Sur scène, Sami commença, sûr comme un tambour bien tendu :
— Bonjour ! Nous allons vous parler des forces de chacun dans la forêt.
Jo montra l'affiche, bien dessinée, avec des chemins, des flèches, et des animaux en action.
Rina enchaîna avec des phrases fluides :
— Dans une classe, on n'a pas tous la même façon d'apprendre. Et c'est normal. Comme dans la forêt : certains grimpent, d'autres creusent, d'autres observent.
Puis ce fut au tour de Nino. Il sentit ses pattes picoter. Il pensa : “Je suis une radio fine. Je peux choisir ma fréquence.”
Il parla, pas trop vite, en regardant sa fiche.
— Parfois, le bruit et la lumière prennent toute la place dans ma tête. Alors, un espace calme m'aide à retrouver mes idées. Ce n'est pas un privilège : c'est un aménagement. Comme une paire de lunettes pour mieux lire, ou une rampe pour mieux monter.
Il fit une pause, puis ajouta avec un petit sourire :
— Et bonne nouvelle : quand ma radio est réglée, je capte des idées assez rapides… et parfois même des blagues.
Quelques rires légers montèrent. Nino se sentit plus grand, sans gonfler.
À la fin, ils conclurent ensemble, en chœur, comme ils l'avaient répété :
— Quand on adapte l'école, on n'avantage pas quelqu'un. On permet à chacun de montrer sa force.
Chapitre 6
Après les applaudissements, Madame Lila proposa un tour de parole en classe, assis en cercle. Elle posa une petite pomme de pin au centre.
— Celui qui tient la pomme de pin parle. Les autres écoutent. Chacun aura son tour.
La pomme de pin passa de patte en patte.
Jo commença :
— J'ai aimé qu'on fasse une affiche. Dessiner, ça m'aide à réfléchir. Et j'ai compris que le coin calme, c'est comme… un outil dans une boîte. On ne l'utilise pas tout le temps, mais quand il faut, ça change tout.
Rina prit la pomme de pin :
— J'ai aimé qu'on mette des mots simples. Et j'ai aimé apprendre que demander de l'aide, ce n'est pas se plaindre. C'est se connaître.
Sami la prit à son tour, et parla sans faire le malin :
— J'ai appris que je peux poser des questions sans me moquer. Et… que moi aussi j'ai le droit de dire quand j'en ai marre du bruit. On peut être fort et quand même avoir besoin de calme.

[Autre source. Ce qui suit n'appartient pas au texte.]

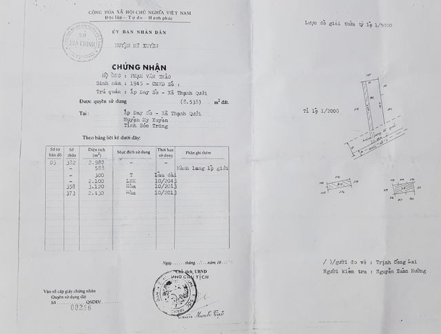 Ông Phạm Văn Thảo (SN 1945, ngụ xã Thạnh Quới, huyện Mỹ Xuyên, tỉnh Sóc Trăng) cho biết, năm 1976, cha ruột ông mua của ông Trịnh Cá (ngụ cùng địa phương) một phần đất diện tích 2.618m2, việc chuyển nhượng có làm giấy mua bán tay. Năm 1977, ông Thảo được cha ruột cho diện tích đất này và ông quản lý, sử dụng liên tục, không tranh chấp với ai. Đến ngày 10/4/2000, UBND huyện Mỹ Xuyên cấp “sổ đỏ” cho ông Thảo.

Enfin, Nino prit la pomme de pin. Il la sentit rugueuse, solide.
— J'ai appris que je peux dire ce dont j'ai besoin, clairement. Et que les autres peuvent comprendre. Mon cerveau-radio n'est pas un défaut : c'est une sensibilité qui devient une force quand on règle le volume et qu'on s'organise.
Madame Lila conclut, en regardant chacun :
— Merci. Dans cette classe, on ne cherche pas à être tous pareils. On cherche à se faire de la place, pour que chacun puisse apprendre. Demain, la zone calme restera. Et le coin tranquille aussi.
Nino sortit dans le couloir. Les bruits étaient toujours là, bien sûr. Mais maintenant, il savait qu'il avait des stratégies, des mots, et une équipe. Et surtout, il savait qu'une classe peut grandir, simplement, en écoutant un peu mieux.